1. Kernel Distribution (Single-GPU)¶

AmgX Kernel Breakdown (10k×10k, 1 GPU)¶

Kernel Type	Time %	Notes
cuSPARSE CSR SpMV	48%	Generic sparse matrix-vector multiply
AXPY	19%	Vector addition
Dot product	10%	Inner product reductions
AXPBY	9%	Scaled vector operations
Other	14%	Setup, synchronization, etc.

Custom CG Kernel Breakdown (10k×10k, 1 GPU)¶

Kernel Type	Time %	Notes
Stencil SpMV	41%	Structure-aware kernel
AXPY	29%	Vector addition
Dot product (cuBLAS)	16%	cuBLAS ddot
AXPBY	13%	Scaled vector operations

Both breakdowns measured on a single A100 to isolate kernel-level distribution from communication overhead. Multi-GPU scaling is analyzed separately in §3.

Observation¶

SpMV dominates in both implementations (~40-50% of total time), making it the primary optimization target. The custom kernel's 2× speedup on this operation drives the overall solver improvement.

2. SpMV Kernel Analysis¶

Why Stencil Kernels Are Faster¶

The 5-point stencil discretization produces a sparse matrix with a predictable structure:

     [N]
      |
[W]--[C]--[E]
      |
     [S]

Each interior row has exactly 5 non-zeros at fixed offsets: -grid_size, -1, 0, +1, +grid_size.

Generic CSR (cuSPARSE): - Must read col_idx[] array for every non-zero - Indirect memory accesses → cache misses - Cannot predict next memory location

Stencil-aware kernel (custom): - Column indices computed from row index (no lookup) - Grouped memory accesses: W-C-E (stride-1) before N-S (stride grid_size) - 95% of rows use fast path (interior points)

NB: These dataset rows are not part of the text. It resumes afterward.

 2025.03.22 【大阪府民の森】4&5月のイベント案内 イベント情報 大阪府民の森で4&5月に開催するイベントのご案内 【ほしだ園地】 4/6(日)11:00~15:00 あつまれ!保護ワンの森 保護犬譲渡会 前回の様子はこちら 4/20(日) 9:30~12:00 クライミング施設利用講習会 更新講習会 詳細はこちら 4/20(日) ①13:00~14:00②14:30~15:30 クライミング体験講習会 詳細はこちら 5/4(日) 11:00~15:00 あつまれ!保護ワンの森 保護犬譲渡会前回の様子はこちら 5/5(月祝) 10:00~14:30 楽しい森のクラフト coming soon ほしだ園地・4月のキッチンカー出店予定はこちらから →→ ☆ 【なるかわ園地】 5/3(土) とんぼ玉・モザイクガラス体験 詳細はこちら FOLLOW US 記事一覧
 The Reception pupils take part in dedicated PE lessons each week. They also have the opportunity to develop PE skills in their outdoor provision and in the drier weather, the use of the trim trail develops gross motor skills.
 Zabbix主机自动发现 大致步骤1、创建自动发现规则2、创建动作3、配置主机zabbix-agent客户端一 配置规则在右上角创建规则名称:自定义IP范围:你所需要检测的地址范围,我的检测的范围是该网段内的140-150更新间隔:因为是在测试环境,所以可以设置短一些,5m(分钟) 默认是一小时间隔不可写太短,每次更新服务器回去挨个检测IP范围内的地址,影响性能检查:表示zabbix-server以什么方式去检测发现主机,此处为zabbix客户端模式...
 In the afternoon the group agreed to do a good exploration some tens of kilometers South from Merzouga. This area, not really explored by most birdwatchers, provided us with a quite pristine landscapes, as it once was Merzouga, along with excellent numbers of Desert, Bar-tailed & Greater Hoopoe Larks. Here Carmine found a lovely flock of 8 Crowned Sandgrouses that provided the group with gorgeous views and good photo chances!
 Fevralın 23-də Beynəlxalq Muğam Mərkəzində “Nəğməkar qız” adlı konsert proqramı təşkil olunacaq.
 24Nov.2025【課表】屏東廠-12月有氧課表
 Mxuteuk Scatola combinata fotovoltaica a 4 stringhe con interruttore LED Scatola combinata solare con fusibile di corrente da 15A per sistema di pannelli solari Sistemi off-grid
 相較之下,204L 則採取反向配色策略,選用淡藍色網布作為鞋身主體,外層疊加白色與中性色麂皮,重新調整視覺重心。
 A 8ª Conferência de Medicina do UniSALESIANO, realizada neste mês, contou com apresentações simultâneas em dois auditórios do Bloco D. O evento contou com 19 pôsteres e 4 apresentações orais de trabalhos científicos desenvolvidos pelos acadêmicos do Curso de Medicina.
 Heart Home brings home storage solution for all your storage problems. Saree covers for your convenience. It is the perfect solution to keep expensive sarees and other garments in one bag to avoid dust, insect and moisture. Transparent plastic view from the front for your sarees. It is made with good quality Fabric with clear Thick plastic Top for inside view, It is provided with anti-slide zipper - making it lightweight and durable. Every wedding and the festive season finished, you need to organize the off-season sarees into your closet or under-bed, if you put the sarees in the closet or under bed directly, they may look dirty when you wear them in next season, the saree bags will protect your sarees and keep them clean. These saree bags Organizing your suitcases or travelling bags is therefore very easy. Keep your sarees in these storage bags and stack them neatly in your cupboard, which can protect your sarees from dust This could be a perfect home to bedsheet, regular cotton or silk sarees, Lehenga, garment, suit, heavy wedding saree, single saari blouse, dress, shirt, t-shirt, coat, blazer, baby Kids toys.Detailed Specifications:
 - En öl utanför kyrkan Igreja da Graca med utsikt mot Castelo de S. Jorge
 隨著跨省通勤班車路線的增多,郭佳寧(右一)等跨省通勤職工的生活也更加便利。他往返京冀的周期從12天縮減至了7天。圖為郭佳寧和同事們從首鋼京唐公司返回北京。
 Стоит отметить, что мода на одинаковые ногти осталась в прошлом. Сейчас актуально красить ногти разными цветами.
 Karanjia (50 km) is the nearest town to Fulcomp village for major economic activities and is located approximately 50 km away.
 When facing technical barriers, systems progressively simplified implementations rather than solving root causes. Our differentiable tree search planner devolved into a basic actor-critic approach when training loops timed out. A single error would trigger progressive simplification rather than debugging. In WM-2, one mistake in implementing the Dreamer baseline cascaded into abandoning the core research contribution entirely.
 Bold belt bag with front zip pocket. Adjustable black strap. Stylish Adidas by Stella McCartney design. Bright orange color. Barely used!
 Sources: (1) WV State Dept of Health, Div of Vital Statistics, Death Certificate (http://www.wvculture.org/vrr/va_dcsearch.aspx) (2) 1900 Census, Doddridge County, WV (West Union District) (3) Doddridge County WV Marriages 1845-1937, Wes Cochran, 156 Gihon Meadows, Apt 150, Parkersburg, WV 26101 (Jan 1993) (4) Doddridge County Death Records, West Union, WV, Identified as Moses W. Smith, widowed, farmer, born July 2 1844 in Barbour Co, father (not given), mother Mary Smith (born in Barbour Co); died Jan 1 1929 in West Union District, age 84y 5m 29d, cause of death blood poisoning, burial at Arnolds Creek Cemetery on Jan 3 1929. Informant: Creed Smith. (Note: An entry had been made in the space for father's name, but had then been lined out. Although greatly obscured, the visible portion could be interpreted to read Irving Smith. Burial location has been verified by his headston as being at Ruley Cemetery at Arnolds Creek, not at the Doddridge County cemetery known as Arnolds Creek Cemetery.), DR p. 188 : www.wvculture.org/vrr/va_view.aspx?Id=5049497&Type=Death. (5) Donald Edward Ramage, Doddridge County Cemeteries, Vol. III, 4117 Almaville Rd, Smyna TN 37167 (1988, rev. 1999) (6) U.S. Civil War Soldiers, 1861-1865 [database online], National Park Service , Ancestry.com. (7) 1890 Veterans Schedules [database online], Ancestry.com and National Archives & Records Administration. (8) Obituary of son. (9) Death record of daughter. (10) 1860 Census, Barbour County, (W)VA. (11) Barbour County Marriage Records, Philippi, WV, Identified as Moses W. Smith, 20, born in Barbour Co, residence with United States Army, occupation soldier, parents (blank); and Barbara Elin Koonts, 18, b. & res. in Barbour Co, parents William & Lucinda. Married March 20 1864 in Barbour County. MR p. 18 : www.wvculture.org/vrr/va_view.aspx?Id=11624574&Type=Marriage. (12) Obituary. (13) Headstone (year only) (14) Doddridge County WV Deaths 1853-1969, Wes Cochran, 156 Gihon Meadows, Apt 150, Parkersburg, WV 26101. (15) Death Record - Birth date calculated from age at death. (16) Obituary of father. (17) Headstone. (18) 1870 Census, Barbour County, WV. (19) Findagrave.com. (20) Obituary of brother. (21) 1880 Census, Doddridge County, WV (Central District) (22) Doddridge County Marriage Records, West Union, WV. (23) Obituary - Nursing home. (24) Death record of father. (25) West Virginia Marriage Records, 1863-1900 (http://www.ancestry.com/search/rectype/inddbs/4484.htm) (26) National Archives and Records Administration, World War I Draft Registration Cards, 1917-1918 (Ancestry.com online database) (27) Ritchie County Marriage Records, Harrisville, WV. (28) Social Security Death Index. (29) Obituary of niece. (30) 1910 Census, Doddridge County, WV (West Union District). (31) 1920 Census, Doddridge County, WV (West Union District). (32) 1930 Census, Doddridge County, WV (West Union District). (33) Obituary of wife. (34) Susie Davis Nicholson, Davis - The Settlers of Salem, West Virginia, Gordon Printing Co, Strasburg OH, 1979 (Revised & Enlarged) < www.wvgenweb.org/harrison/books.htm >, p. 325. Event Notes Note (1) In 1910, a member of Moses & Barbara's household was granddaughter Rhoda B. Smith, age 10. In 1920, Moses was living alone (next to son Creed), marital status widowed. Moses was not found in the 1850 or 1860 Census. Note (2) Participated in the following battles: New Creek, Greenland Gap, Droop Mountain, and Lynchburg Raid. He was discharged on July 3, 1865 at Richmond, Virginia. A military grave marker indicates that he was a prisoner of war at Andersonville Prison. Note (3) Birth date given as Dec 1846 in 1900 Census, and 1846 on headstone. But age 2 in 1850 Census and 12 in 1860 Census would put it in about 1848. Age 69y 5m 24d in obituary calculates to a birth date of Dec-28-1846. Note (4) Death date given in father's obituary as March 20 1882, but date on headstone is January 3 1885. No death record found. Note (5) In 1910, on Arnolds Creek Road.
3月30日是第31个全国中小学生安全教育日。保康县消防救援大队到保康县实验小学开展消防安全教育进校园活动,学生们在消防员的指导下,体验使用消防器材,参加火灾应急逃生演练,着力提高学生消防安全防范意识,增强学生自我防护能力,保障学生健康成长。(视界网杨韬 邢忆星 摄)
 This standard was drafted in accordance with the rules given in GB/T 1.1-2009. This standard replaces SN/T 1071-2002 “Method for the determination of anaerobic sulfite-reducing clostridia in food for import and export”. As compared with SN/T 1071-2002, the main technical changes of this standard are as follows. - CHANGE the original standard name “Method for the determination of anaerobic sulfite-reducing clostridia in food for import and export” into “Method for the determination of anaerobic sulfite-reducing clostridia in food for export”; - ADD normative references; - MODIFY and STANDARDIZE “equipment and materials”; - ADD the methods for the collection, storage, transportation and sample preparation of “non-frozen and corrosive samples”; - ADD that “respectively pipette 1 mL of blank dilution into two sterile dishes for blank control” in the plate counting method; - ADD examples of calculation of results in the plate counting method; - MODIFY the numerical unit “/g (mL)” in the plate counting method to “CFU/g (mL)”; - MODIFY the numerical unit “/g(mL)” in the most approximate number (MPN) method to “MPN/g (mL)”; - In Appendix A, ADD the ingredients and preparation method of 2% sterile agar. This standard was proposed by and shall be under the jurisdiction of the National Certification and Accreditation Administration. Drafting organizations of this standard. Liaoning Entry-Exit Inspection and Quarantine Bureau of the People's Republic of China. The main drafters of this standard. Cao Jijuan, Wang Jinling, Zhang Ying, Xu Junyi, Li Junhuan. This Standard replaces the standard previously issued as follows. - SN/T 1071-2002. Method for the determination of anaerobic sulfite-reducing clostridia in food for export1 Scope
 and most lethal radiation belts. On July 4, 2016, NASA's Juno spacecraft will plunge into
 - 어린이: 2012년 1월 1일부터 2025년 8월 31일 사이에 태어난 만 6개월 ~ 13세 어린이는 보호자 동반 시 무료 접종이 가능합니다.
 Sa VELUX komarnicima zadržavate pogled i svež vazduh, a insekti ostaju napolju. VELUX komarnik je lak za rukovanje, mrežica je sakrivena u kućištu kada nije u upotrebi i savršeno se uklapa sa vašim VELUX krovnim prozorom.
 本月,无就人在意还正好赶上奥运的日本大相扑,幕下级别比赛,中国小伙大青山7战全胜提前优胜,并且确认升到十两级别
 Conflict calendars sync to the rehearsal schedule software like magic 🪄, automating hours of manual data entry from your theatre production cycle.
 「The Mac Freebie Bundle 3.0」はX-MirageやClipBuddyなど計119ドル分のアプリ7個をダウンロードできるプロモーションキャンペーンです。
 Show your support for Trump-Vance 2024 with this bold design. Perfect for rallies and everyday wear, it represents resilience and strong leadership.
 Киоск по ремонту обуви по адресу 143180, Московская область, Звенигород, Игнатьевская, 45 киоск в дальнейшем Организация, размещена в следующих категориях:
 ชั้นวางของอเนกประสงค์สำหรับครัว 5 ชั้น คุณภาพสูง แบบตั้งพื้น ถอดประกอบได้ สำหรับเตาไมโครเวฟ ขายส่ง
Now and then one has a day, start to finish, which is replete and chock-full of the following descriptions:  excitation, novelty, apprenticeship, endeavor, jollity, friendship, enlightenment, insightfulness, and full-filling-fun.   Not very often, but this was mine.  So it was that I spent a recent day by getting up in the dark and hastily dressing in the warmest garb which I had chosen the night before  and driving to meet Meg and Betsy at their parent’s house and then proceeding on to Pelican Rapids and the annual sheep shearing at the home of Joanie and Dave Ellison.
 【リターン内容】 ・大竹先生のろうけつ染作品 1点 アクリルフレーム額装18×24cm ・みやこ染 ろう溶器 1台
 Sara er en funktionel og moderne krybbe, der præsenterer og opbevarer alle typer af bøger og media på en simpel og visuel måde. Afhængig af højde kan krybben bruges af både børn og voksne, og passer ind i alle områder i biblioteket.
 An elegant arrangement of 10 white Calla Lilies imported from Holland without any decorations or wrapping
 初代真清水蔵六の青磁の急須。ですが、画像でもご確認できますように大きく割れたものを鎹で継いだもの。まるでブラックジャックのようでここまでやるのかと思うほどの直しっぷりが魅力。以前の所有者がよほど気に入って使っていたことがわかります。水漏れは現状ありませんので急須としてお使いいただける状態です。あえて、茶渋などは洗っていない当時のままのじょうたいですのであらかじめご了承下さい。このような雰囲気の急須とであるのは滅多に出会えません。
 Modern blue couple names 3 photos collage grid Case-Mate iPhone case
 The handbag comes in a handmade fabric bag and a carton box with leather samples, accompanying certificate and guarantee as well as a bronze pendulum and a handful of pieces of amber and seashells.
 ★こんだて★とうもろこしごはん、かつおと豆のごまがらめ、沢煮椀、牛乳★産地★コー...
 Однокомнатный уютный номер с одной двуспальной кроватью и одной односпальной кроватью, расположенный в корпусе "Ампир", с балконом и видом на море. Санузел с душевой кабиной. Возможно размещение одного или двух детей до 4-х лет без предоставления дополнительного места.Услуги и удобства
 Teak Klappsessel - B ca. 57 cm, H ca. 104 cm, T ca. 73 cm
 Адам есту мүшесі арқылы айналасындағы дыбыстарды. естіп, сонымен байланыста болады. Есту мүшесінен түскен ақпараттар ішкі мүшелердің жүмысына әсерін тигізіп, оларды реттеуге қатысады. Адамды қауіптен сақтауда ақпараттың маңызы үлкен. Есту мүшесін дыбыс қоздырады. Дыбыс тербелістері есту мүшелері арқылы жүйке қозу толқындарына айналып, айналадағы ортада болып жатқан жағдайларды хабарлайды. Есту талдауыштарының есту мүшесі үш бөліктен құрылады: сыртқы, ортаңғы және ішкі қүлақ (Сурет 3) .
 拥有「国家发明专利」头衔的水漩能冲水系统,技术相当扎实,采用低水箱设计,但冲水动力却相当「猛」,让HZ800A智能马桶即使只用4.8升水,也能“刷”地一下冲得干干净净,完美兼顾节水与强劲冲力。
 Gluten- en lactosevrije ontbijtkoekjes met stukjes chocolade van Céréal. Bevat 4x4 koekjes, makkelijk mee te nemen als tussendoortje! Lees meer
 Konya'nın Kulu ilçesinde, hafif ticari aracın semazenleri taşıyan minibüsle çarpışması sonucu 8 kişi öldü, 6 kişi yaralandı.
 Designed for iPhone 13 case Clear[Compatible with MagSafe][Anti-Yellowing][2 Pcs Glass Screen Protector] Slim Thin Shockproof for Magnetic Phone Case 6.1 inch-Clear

Measured Performance (A100 80GB)¶

Implementation	Time (20k×20k)	Bandwidth	Speedup
cuSPARSE CSR	26.77 ms	1195 GB/s	baseline
Stencil kernel	12.86 ms	2364 GB/s	2.08×

Roofline Analysis (Nsight Compute)¶

Profiled on RTX 4060 Laptop GPU (7k×7k matrix, same relative behavior):

Roofline Comparison

Kernel	Duration	Memory Throughput	Performance
cuSPARSE CSR	22.99 ms	67%	21.3 GFLOP/s
Custom Stencil	11.25 ms	95%	43.6 GFLOP/s

Key observations: - Both kernels are memory-bound (positioned on the sloped part of the roofline) - Stencil achieves 95% memory throughput vs 67% for CSR - The 2× speedup comes from better memory system utilization, not more compute - CSR's index indirection creates irregular access patterns that reduce effective bandwidth

Raw Nsight Compute Screenshots

cuSPARSE CSR:

cuSPARSE CSR Roofline

Custom Stencil:

Stencil Kernel Roofline

Arithmetic Intensity Analysis¶

Both kernels are memory-bound, but the stencil kernel achieves higher effective bandwidth:

Metric	CSR	Stencil
Bytes per row	88 B	48 B
(5 values + 5 indices + 1 x + 1 y)		(5 values + 1 x + 1 y, no indices)
Arithmetic intensity	0.11 FLOP/B	0.21 FLOP/B

The stencil kernel moves 45% less data per row by eliminating index storage and lookups.

3. Multi-GPU Scaling Analysis¶

Communication Pattern Comparison¶

Aspect	Custom CG	AmgX
Halo exchange	160 KB per neighbor	Generic CSR pattern
Method	MPI explicit staging	Internal NCCL/MPI
Overlap	None (synchronous)	Internal optimization

Why 160 KB?¶

For a 10k×10k grid partitioned across 8 GPUs: - Each GPU owns ~12,500 rows - Halo zone = 1 row = 10,000 doubles = 80 KB - Two neighbors (top + bottom) = 160 KB total

Compare to naive AllGather: 100M doubles × 8 bytes = 800 MB (5000× more data).

Scaling Efficiency¶

At 8 GPUs, the custom CG achieves a 6.94× speedup vs AmgX's 6.99× — similar parallel efficiency. The custom solver maintains its single-GPU advantage (1.40×) at every scale, reaching 1.44× at 8 GPUs.

Full Custom CG vs AmgX comparison table (10k/15k/20k, 1 GPU and 8 GPUs) in results.md.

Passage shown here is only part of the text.